Provided data section start

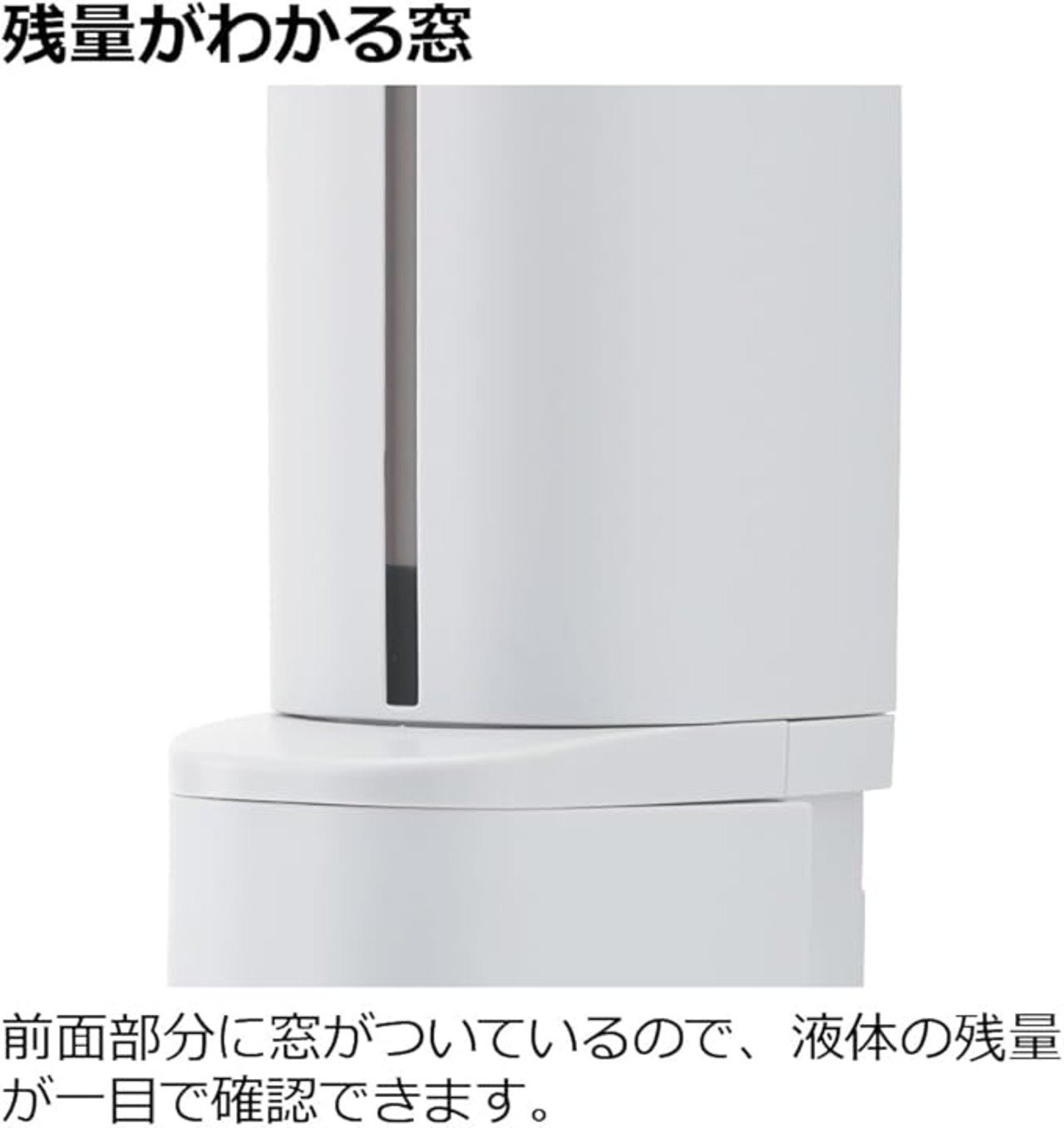 前面部分に窓がついているので、液体の残量が一目で確認できます。
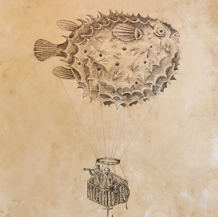 A hand drawn original artwork on painted paper. The image is a comical piece featuring a puffer fish being used as a hot air balloon.
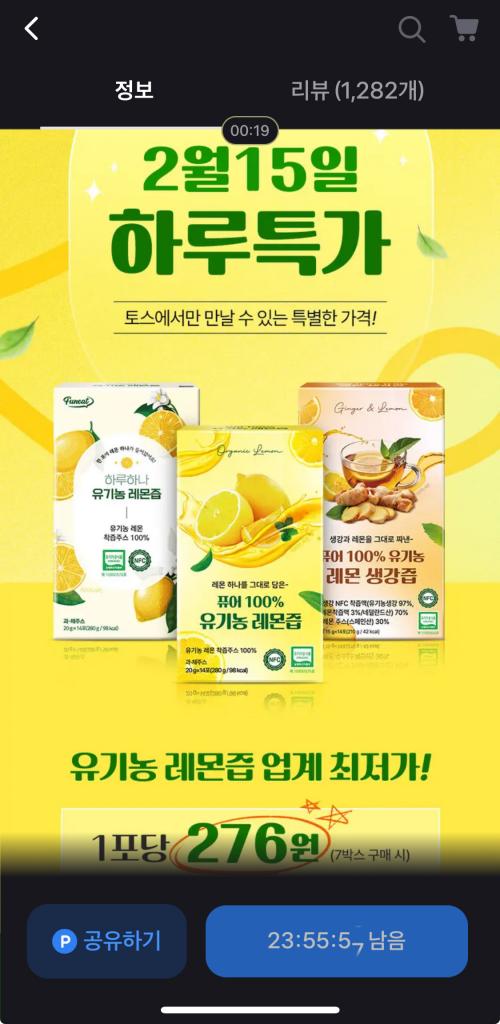 [토스쇼핑] 유기농 레몬즙 2박스 28포(9500원) > 국내핫딜
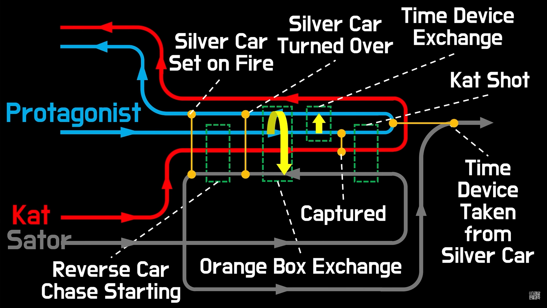▲ 자동차 추격 장면의 시간 흐름과 사건들.

Provided data section end

» What is being asked:
Set down word for word each line from the one containing "A hand drawn" through the end of the material, and keep the pictures out of it.

» Output of the task:
 A hand drawn original artwork on painted paper. The image is a comical piece featuring a puffer fish being used as a hot air balloon.
 [토스쇼핑] 유기농 레몬즙 2박스 28포(9500원) > 국내핫딜
▲ 자동차 추격 장면의 시간 흐름과 사건들.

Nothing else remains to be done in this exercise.